Envisioning the six planets as being supported by the five Platonic solids with spheres inscribed/circumscribed upon them, the orbits would be defined by the circumferences of these spheres. It was a beautiful idea, with very explicit predictions for the ratios of the scales of the planetary orbits. Because there are only five Platonic solids and were only (at the time) six planets, this scheme was beautiful, compelling, and created an incredible buzz amongst scholars.
But unlike Galileo, Kepler had access to the finest data in the world: the observations of his predecessor, Tycho Brahe. And the data simply did not agree with Kepler’s theory. The orbits were all wrong.
Not by that much, mind you, but by enough that it clearly didn’t fit. At the time, there was tremendous prejudice in favor of the circle being the only acceptable shape for an orbit, but — ever the scientist — Kepler followed the data to its logical conclusion. He even rejected his beautiful Mysterium Cosmographicum, creating, instead, the model we use today.

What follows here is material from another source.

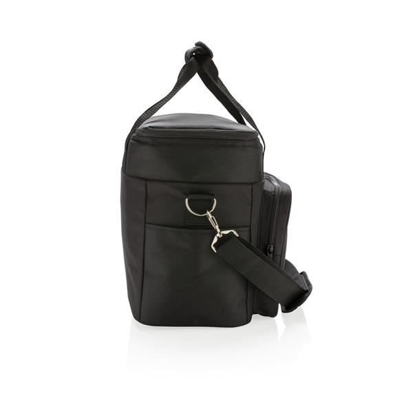 Torba termoizolacyjna, wykonana z poliestru 1680D i 600D, pojemna przegroda główna na zamek błyskawiczny, zmieści do 20 puszek 0,33 l, kieszeń z przodu, podwójnie wzmocnione uchwyty, regulowany pasek na ramię z możliwością odpięcia, ślad węglowy produktu: 4,08 kg CO2

They’re not circles, or a superposition of a number of circles at all; the orbits are ellipses! Planets move around the Sun with the Sun at one focus of an ellipse; the first of Kepler’s three laws of planetary motion!
And so Kepler was able to throw away the most beautiful idea he ever had, and in place of it, discover the way the Universe actually worked. And that’s my favorite example of defeating your own confirmation bias; from more than 400 years ago! That’s the reward of being honest with yourself, one of the most difficult things, apparently, for us, as humans, to do.
So let me ask you; what’s your favorite example, from your own life, of when you changed your mind on an issue, based on the new evidence that you learned and couldn’t ignore?